▶ [Dataset items]
▬▬▬▬▬▬▬▬▬▬

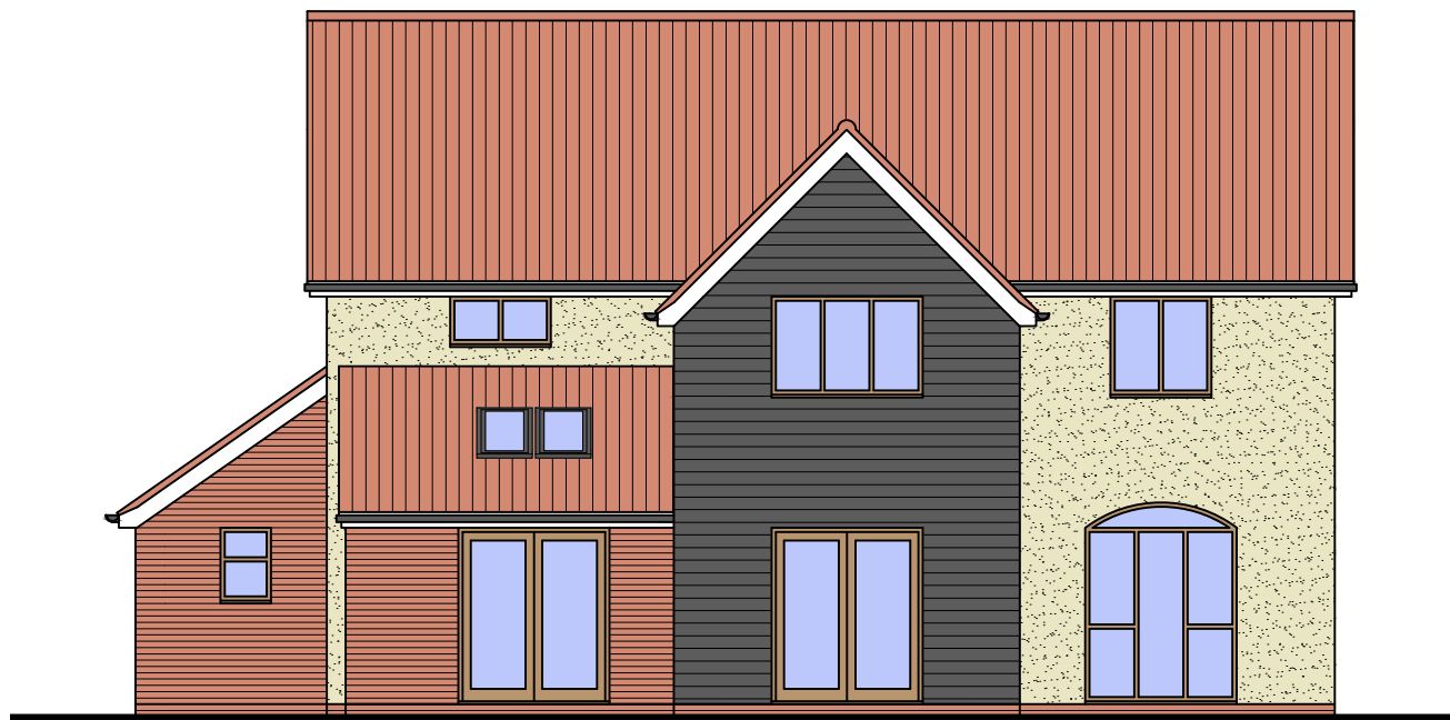
Rear elevation to North
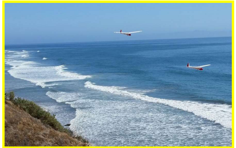
May Co-Winner – Ka-8's over Ellwood at this year's WeaselFest in Santa Barbara
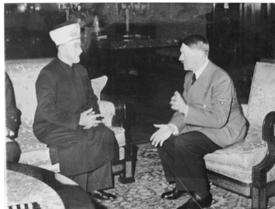
The Grand Mufti (Islamic leader) of Jerusalem with Hitler. They met often, helped each other, and planned death and destruction.
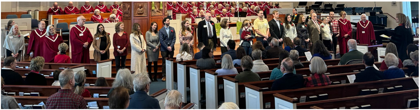
24 new members join in January
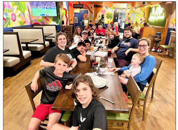
Youth Choir at Mellow Mushroom
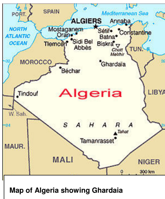
Map of Algeria showing Ghardaia

<click here to view the attached Emergency Appeal Budget; here to link to a map of the affected area; or here to view contact details>
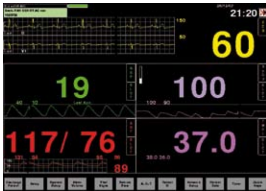
Large Numbers Display in the highest resolution available by a 12" Monitor. Example data contains ventilator information.

The VitaLogik 4000 Series Patient monitoring system is a compact monitor suitable for a wide range of patient applications. The product is available in two versions: a non invasive monitor - VitaLogik 4000 and an invasive monitor - VitaLogik 4500. The VitaLogik 4000 series offer solutions to both intermediate and critical care monitoring. These systems are easily adapted to a diverse range of monitoring requirements including: Adult, Pediatric, Neonatal and Patient Transport. Each device can be customised to meet the user's needs. As computerised monitors, the Vitalogik 4000 series, allow users to take advantage of data connectivity, embedded data storage capabilities and high resolution display.
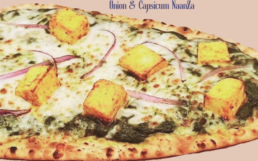
Paneer Tikka, Onion & Capsicum NaanZa
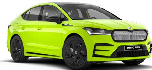
*Mamba Green (I3I3 - Solid)
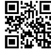
National Tax Agency website “Tax consultation Chabot”

▶ When you enter a question, “Tax official Futaba” an AI will answer.
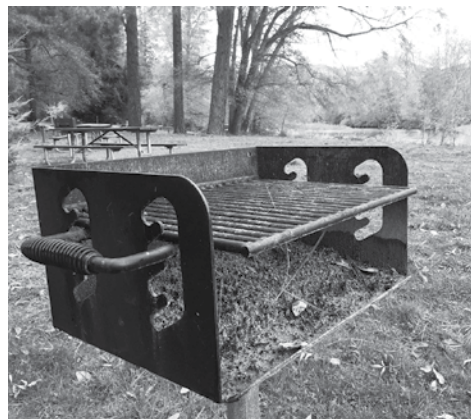
The community-funded, firefighter-installed barbecues have been a wonderful addition to the park. They were well used this summer and fall!

In early 2017, the Cantrall Buckley Park Committee and the Greater Applegate Community Development Corporation (GACDC) will be ramping up for a major round of fundraising to complete the campground upgrade project. Included in this phase will be water and power hookups for existing campsites and completion of the wastewater treatment system. We will apply to several foundations and other grant sources to help fund the
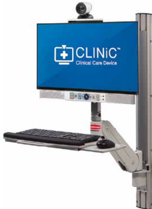
Fluid™ Arm HD
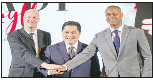
The Chairman of Indonesian National Soccer Association (PSSI) Erick Thohir, center, poses for photographers with newly appointed technical advisor of Indonesia's national soccer team Jordi Cruyff, son of Netherlands' legendary soccer Johan Cruyff, left, and head coach Patrick Kluijvert, right, during a press conference in Jakarta, Indonesia.
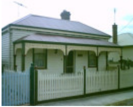
18 Gertrude Street, Geelong West
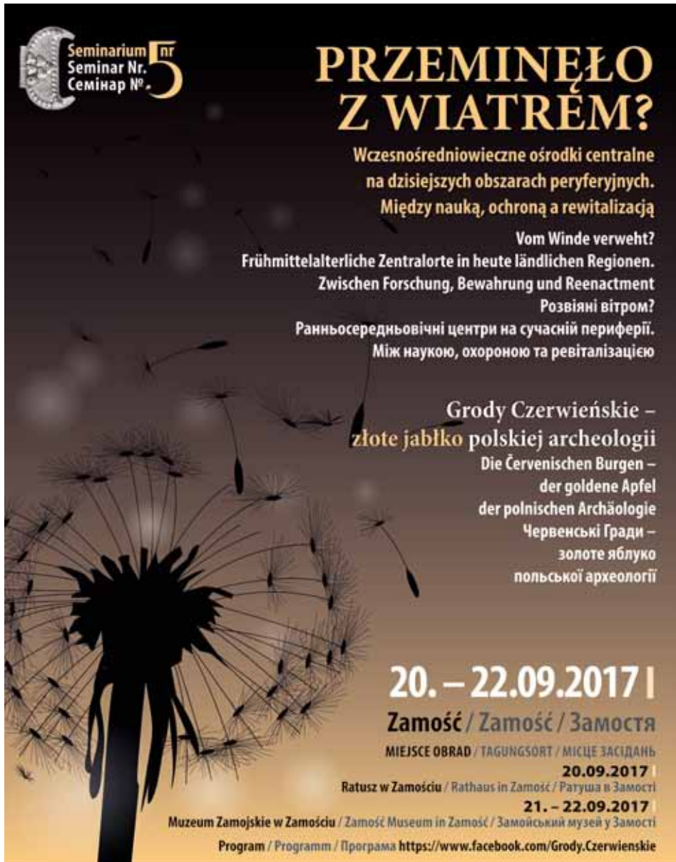
Fig. 2. The poster for the conference Gone with the Wind?... Zamość, 20 th –22 th 09.2017 (Designed by M. Bujak)
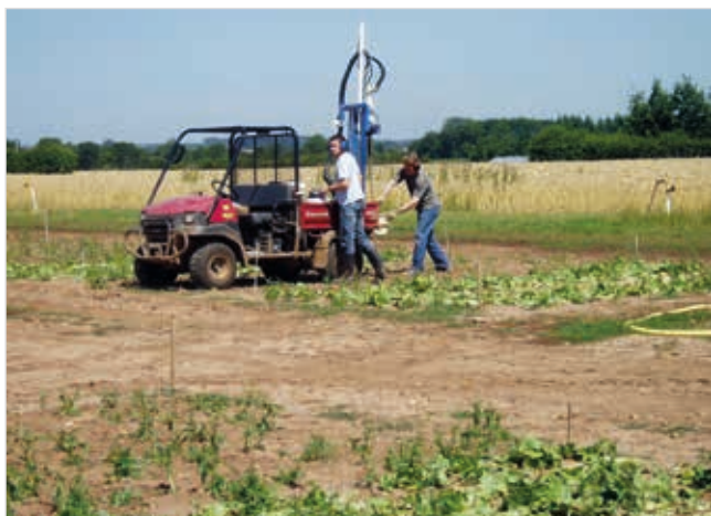
3. A mechanised soil sampler

At least 15 cores will be needed to represent a uniformly managed block of up to 20ha. Five to 10 further sampling points may be necessary where SNS levels are expected to be very high or variable after uneven amounts of leafy residues have been incorporated. It is very important that areas of the field with widely differing texture or cropping history are sampled separately.
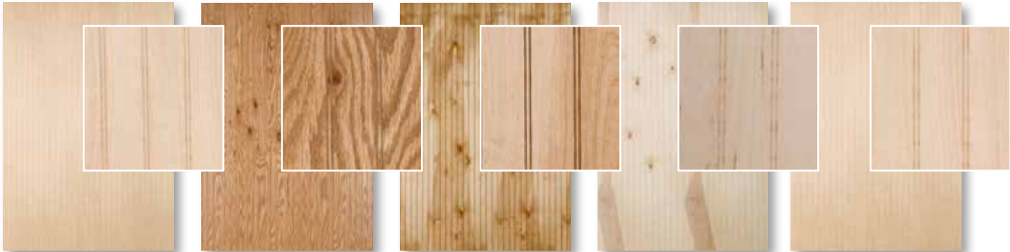
Unfinished White Birch 5/32" Beaded 1-1/2" OC

Murphy's most popular real wood veneer paneling features the classic look of bead board planks without the expense. The easy-to-install, 4 X 8 panels are perfect for wall paneling, wainscoting, cabinet doors and cabinet backers. The beads are 1-1/2" OC.
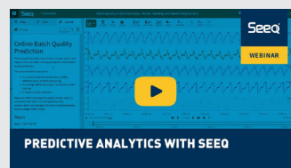
Video: Predictive Analytics with Seeq

Tridiagonal Solutions www.tridiagonal.com info@tridiagonal.com
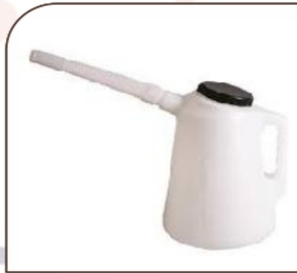
Oil Measuring Jug
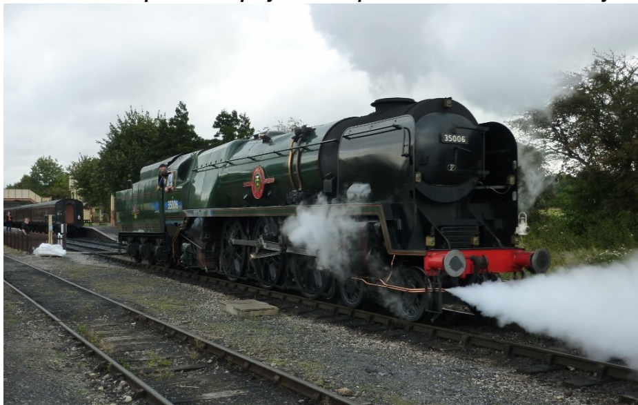
35006 Peninsular and Orient S N Co at Toddington on the Gloucester and Warwickshire Railway on 11 September 2019. Colin Aveyard

▬▬▬▬▬▬▬▬▬▬

▶ [YOUR ASSIGNMENT] Only lines containing the string "They" are needed. Pull each of them out of the records above.

▶ [ANSWER SPACE]
The Grand Mufti (Islamic leader) of Jerusalem with Hitler. They met often, helped each other, and planned death and destruction.
The community-funded, firefighter-installed barbecues have been a wonderful addition to the park. They were well used this summer and fall!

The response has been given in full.